# [SOLVED] removing front cover on Dell Dimension E510



## jillocity (May 15, 2010)

not sure where this thread should go, but because it does involve the cooling system, thought i'd try it here...

there is significant dust/lint buildup in the screen on the front panel of the computer, and i need to remove the front panel to clean it...but i'm not sure HOW to remove the front cover, and don't want to make any mistakes.

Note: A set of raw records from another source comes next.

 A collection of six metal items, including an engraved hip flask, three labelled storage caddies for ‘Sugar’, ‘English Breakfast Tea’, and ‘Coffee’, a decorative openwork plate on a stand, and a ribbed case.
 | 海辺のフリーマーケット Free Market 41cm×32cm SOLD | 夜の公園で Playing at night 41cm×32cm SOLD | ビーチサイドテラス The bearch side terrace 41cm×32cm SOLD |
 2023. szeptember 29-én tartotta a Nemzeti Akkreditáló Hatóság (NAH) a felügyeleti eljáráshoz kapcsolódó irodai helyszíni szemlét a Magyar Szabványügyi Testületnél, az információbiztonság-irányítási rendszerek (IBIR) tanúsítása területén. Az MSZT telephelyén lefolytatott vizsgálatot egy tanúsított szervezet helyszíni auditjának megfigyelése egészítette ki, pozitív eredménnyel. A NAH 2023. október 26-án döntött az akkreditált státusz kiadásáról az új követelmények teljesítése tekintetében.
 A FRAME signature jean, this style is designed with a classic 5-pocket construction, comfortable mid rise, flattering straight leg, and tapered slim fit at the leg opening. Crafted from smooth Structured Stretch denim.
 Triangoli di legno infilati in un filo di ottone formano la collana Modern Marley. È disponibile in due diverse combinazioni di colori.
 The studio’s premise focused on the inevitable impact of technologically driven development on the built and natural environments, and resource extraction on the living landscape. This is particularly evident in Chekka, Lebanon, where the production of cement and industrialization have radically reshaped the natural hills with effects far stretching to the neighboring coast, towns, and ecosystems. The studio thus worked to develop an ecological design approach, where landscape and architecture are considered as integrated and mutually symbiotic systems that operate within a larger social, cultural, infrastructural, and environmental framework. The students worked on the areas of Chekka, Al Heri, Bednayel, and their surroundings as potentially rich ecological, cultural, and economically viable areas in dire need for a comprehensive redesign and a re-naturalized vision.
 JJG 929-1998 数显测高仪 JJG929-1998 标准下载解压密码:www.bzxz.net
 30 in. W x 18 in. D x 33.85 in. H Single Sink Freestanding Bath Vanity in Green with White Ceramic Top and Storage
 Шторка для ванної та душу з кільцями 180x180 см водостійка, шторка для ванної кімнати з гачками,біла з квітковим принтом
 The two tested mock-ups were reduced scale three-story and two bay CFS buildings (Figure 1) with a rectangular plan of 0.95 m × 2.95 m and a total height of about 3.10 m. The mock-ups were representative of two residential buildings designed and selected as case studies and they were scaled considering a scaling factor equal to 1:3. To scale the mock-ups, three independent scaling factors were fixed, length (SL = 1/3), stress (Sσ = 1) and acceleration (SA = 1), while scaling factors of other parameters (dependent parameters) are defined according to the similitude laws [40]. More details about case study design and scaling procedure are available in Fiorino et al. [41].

all help gratefully received...pics of front panel attached...one showing cover off and one just showing the screen where the dust/lint build-up is...

thanks :flowers:


----------



## Burto87 (Aug 24, 2011)

Does it look like it can come off? If it can have a look on the other side of the front panel to see if there are any screws or plastic clips that can be release to allow the front panel to be removed. If not, can you get your hand in behind there to clean it?


----------



## JimE (Apr 16, 2009)

*Re: removing front cover on Dell Dimension E510*

I've not seen one in person, but based on the shape, I'd say it doesn't come off. In any event, it doesn't really need to come off. I clean all of my cases using compressed air. Simply remove the side (as pictured) and you can clean pretty much the whole inside. Hold the fans to keep them from spinning. Aside from that, it's pretty easy.


----------



## Tyree (May 10, 2009)

*Re: removing front cover on Dell Dimension E510*

Most OEM case do not have removable front panels.
Use compressed air to clean and use a non-metallic object to prevent the fans from spinning to avoid damage.


----------



## ShellyJoy83 (Mar 15, 2013)

*Re: removing front cover on Dell Dimension E510*

Hear is the pdf manual for removing the front panel
Go to the page 31
download pdf from the following link
http://ftp.dell.com/Manuals/all-pro...tops/dimension-5150x_Service Manual_en-us.pdf


----------